Comparisons with previously described and measured fossils skulls of Eschrichtius, as well as modern skulls of E. robustus, provide further clarification on the age at death of the two Florida Holocene gray whales. A juvenile fossil gray whale cranium from Cape Lookout, North Carolina measured 80 cm in width across the zygomatic processes (Mead & Mitchell, 1984). This compares to a width across the zygomatic processes in the two juvenile skulls from Florida of 76 cm in UF 99000 and 60 cm in UF 69000 (width of squamosals in Table 1). An adult fossil gray whale cranium from Corolla, North Carolina measured between 130 and 140 cm across the zygomatics (Mead & Mitchell, 1984). The width of the occipital condyles in the adult from Corolla is 31 cm, compared to 24 cm in UF 99000 and 22 cm in UF 69000 (Table 1). A juvenile Pliocene gray whale skull (Eschrichtius sp.) from Japan measured 54 cm across the paraoccipital processes (Ichishima et al., 2006), compared to widths across the paraoccipitals of 59 cm (UF 99000) and 45 cm (UF 69000) in the two Florida juvenile skulls (Table 1). Ichishima et al. (2006) noted that the paraoccipital measurement of the Japanese Pliocene fossil was comparable with the same measurement in a modern gray whale skull from an individual 7.25 m in body length and an age of approximately 30 weeks (Sumich, Goff & Perryman, 2001). Comparative data from modern gray whales, including both cranial measurements (Sumich, Goff & Perryman, 2001) and fusion of cranial sutures (Walsh & Berta, 2011), support our assertion that the Hobe Sound skull was from a calf, younger than 30 weeks based on comparative measurements of the paraoccipitals, whereas, the larger Jacksonville Beach skull was from an animal older than 30 weeks but less than a year old.

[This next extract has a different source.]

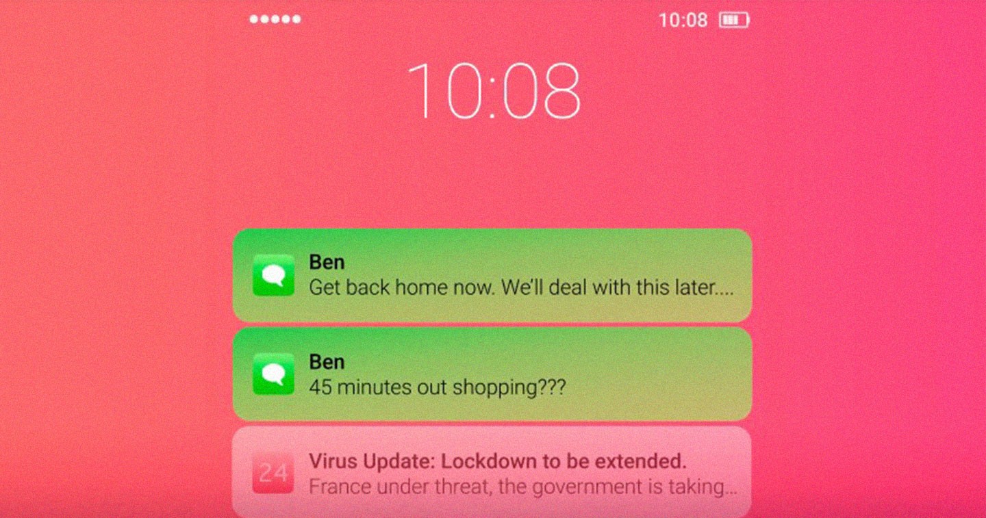 Fear, conflict, harassment, violence… a host of emotions which bear witness to incredible plight, and which are reflected through this short, impactful clip created by the committed agency Marianne Paris (#InOurShoes). This 40s video whisks us off into the phone of a woman who receives notifications about the virus and several messages from her partner while she was out shopping. The clip ends with a claim encouraging victims, as well as witnesses, to speak out.

Our assessment together with earlier studies, are in line with that of two recently reported Holocene-to-Pleistocene aged gray whale finds in the western Pacific, off Taiwan (Tsai et al., 2014) and Japan (Kimura, Hasegawa & Kohno, 2018). The former study identified the paired tuberosities on the occipital shield as diagnostic of Eschrichtiidae sp. (supra). Both Florida gray whale skulls demonstrate these paired tuberosities, in particular UF 99000 (Fig. 3).

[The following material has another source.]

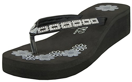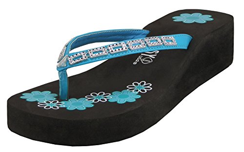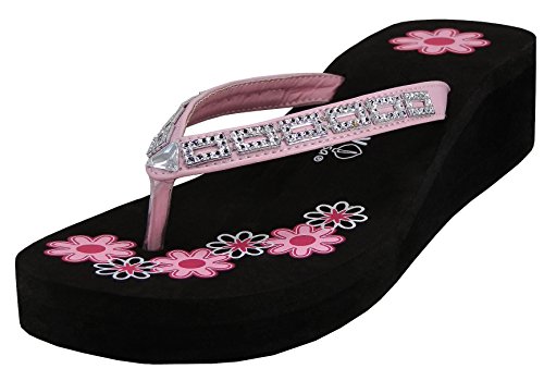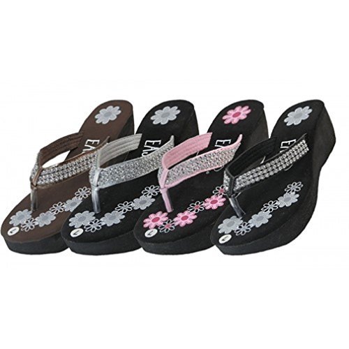 Product DescriptionThese women's flower print with rhinestone platform thong sandals are a comfortable and stylish look for the spring and summer. Multiple colors are available.0

Furthermore, the collagen PMF results confirm the anatomical identification of Gray Whale for the two Holocene-aged Florida skulls (Fig. 4). The two skulls exhibited diagnostic gray whale specific markers presented in Kirby et al. (2013) and Hufthammer et al. (2018) (specifically, the presence of diagnostic collagen peptide F at 2899). The application of this technique to our other three Pleistocene-aged specimens, however, failed due a lack of preserved collagen in these ancient bones—a result mirrored in the lack of organic fraction available for radiocarbon dating (see below, and also Harvey et al., 2016).

Radiocarbon (¹⁴C) dates

We dated the samples using the organic fraction and mineral fraction of bioapatite. The overall morphology of the bones was very well preserved, however, the collagen fraction was almost completely destroyed and the concentration of organic carbon was about 0.1% or lower. In all four cases the bioapatite fraction radiocarbon age estimate was older (33–37.5 ka) than that from the organic, collagen-like, fractions (8.3–23 ka). The per mil (‰) values of δ¹³C reported against VPDB and δ¹⁸O reported against VPDB and VSMOW and are shown in Table 2, and the AMS dates are displayed in Table 3.

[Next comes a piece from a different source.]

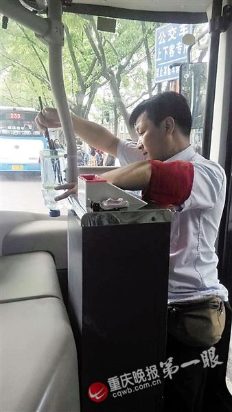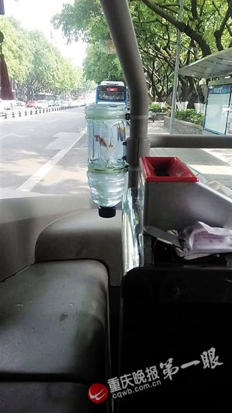 重慶晚報(bào)記者從前門上車,一眼就看見門柱上綁一個(gè)小號(hào)飲料瓶,票箱旁綁著一個(gè)大號(hào)飲料瓶,瓶子被白色扎帶和膠皮管牢牢系住,瓶口向下,瓶子底部被剪開朝上。大號(hào)瓶里有兩條小金魚,正歡快地游著。

Without doing a full statistical analysis, the results shown in Table 2 for the δ¹³C of sample A (−5.11 ± 0.04‰) and sample B (−5.04 ± 0.04‰) seem to be more strongly related and are probably from the same whale, while sample C (−4.80 ± 0.04‰) differs slightly from the other samples. Sample C could also be from another individual, but because the difference from the other samples is not more than 1‰ it is likely that all three of the mysticete whale bone fragments are from the same individual.